Нахватанные знания вынудили жить заемным умом. Но разве не все так живут? В знаниях есть еще одно — узнав что-то, хочется донести это до других. Пропагандистская страсть почти у всех. Прочтя Гердера, я говорил о нем; также Монтеня, Паскаля, Лихтенберга. Это обо мне Некрасов сказал: «Что ему книжка последняя скажет, то ему на душу сверху и ляжет». Но вот поразила меня современная русская литература — ведь это историческая линия подхвачена: в России лучшая литература всегда философична. А на Западе вначале философия, а литература сама по себе. Но, чтобы быть в литературе философом, надо быть личностью. А я пропустил для себя это время. Но не все же была моя вина. Монтень и прочие — католики, для меня, потомка православных, должны были быть свои философы: Флоренский, Федоров, Федотов, Карамзин, Вернадский, Циолковский, Ухтомский, а когда мы их читали? Уже в позднее, потерянное время… Еще было бы облегчение свалить на газету, на ее жесткость в отношении строк, скорости подачи, но скажи мне, что я не врал себе, у меня были особые условия, исключающие гонку… То есть можно быть честным и порядочным в беспорядочном мире или нельзя? Писать о явно выигрышном или… или не видеть… ой, не буду.
Сон ночью. Едем с тобой зимним солнечным днем на лошади. Уже подтаивает, вороны гуляют по насту, солома шевелится, видно далеко-далеко, будто вот-вот выкажется Эльбрус или малиновые Саяны. Все так, но едем-то на лошади. А это, по толкованию снов, — ко лжи. Нас везет ложь. Но будь я немец и приснись мне лошадь, чего бы тогда бояться.

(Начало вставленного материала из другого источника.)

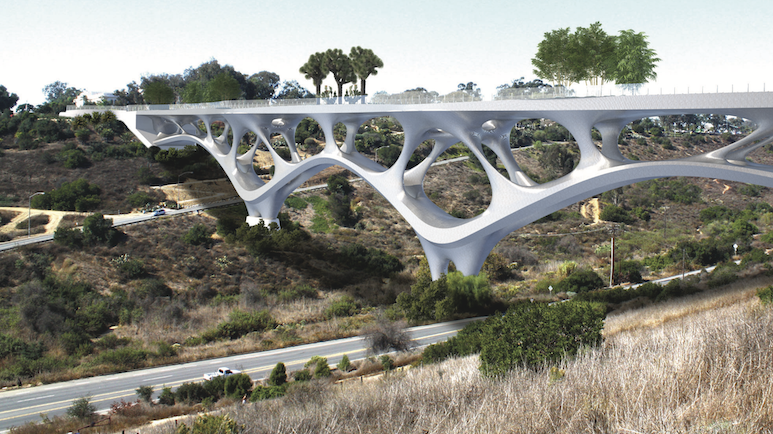 Hunter Ruthrauff of T.Y. Lin International Group in San Diego designed a 3D-printed steel pedestrian bridge that spans Balboa Park's Florida Canyon. Ruthrauff chose 3D-printed steel because it offers better tensile strength than 3D-printed concrete and lessens the complexity of the design process.

Вообще сны — страшная вещь. Я им подвержен непрерывно. Пытался записывать те, что повторялись: армия, чудовища, мертвец, оживающий в просторном гробу, но приходили другие, того не легче: обвалы, удушения, расстрелы, любимые лица в коростах… Вот за что это? За нравственно непотребный образ жизни, за кривду. Лошадь я не сегодня видел, а сегодня на удивление спокойная, отдохновенная ночь. И сна всего часов пять, а выспался хорошо. Знаешь секрет? Вчера была родительская суббота, и я с помощью мамы записал имена моих бабушек и дедушек и их родителей, вот, по памяти: Иван, Яков, Семен, Платон, Герасим, Дарья, Александра, Анна, Андрей, Алексей, Василий, Григорий…
Звонили. Действительно просят очерк. Обещал. В конце концов, есть и в задумке, и в блокноте. О тех же девчонках. Если не о них писать, то о ком и писать. Сказал о лошадях (о! так ведь не ко лжи снилось — к статье) — вроде застолбили.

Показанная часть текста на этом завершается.